The surveys were designed using Google Forms^® and the survey link was sent by email to students [27]. Two reminders were subsequently sent to the students to encourage their participation.

A total of 460 students were surveyed and the number of responses reached 85 representing a response rate of 18.5%. Among the respondents, 18 students did not use SRS and, hence, were excluded from the next survey sections.

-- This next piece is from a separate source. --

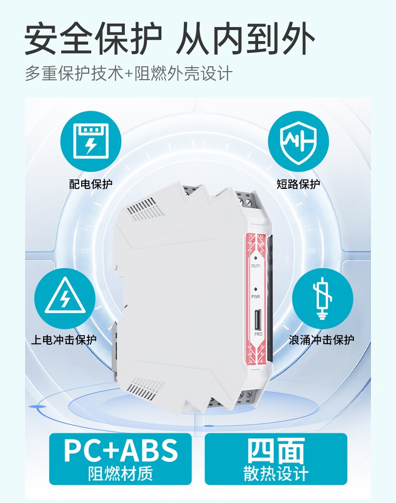 適用場合:隔離器給二、三線制變送器提供隔離的工作電源,將變送器產生的電流信號隔離并轉化為其他儀表所需的信號,實現輸入、輸出、電源之間的三端隔離,從而提高工業過程自動控制系統的抗干擾能力,保證系統的穩定性和可靠性。隔離器可與各類儀表、DCS、PLC 等設備配套使用,在石油、石化、制造、電力、冶金等行業的重大工程中有著廣泛應用。

2.5. Ethical Considerations

The research tool (student survey) was revised and approved by the Standing Committee for Scientific Research Ethics (Ref No. KSU-HE-22-772). Retrospective analyses of student scores and feedback were collected as part of normal assessment during the course. Informed consent was obtained from surveyed students electronically. The student survey included a pre-statement that the survey was anonymous.

2.6. Data Analysis

The current study data were mainly analyzed using the Python programing language (version 3.9.13) within Jupyter Notebook (Anaconda 3 version 23.1.0). In addition, the following packages, namely, numpy, pandas, matplotlib, seaborn, statannotations, itertools were utilized for data presentation, grouping, validation, data frame manipulation, and visualization. The normality of the data was assessed by Shapiro–Wilk and Kolmogorov–Smirnov tests (Scipy.stats python packages) [28].

2.6.1. Sampling

The preliminary testing of the data revealed a very large difference in sample sizes between the SRS and the control groups (Figure 2E). The thorough investigation revealed that this deviation was mainly due to two large-sized courses, namely, AL-WS and EL-1 (n = 3349 students/109 sections and 1227 students/30 sections, respectively). In these two courses, the number of students in the control groups was ≈158 and 42-fold compared to their counterpart SRS group, respectively. This caused misleading calculation of the overall average score of each study subgroup and increased the risk of type 1 error when analyzing the overall effects of study variables due to the unbalanced distribution of students according to potential confounding factors (unequal number of SRS/control in each course). To solve this limitation, random sampling from the collected raw data was conducted (

Table 2. Study mapping of student distribution according to different subcategories (raw vs. sampled data).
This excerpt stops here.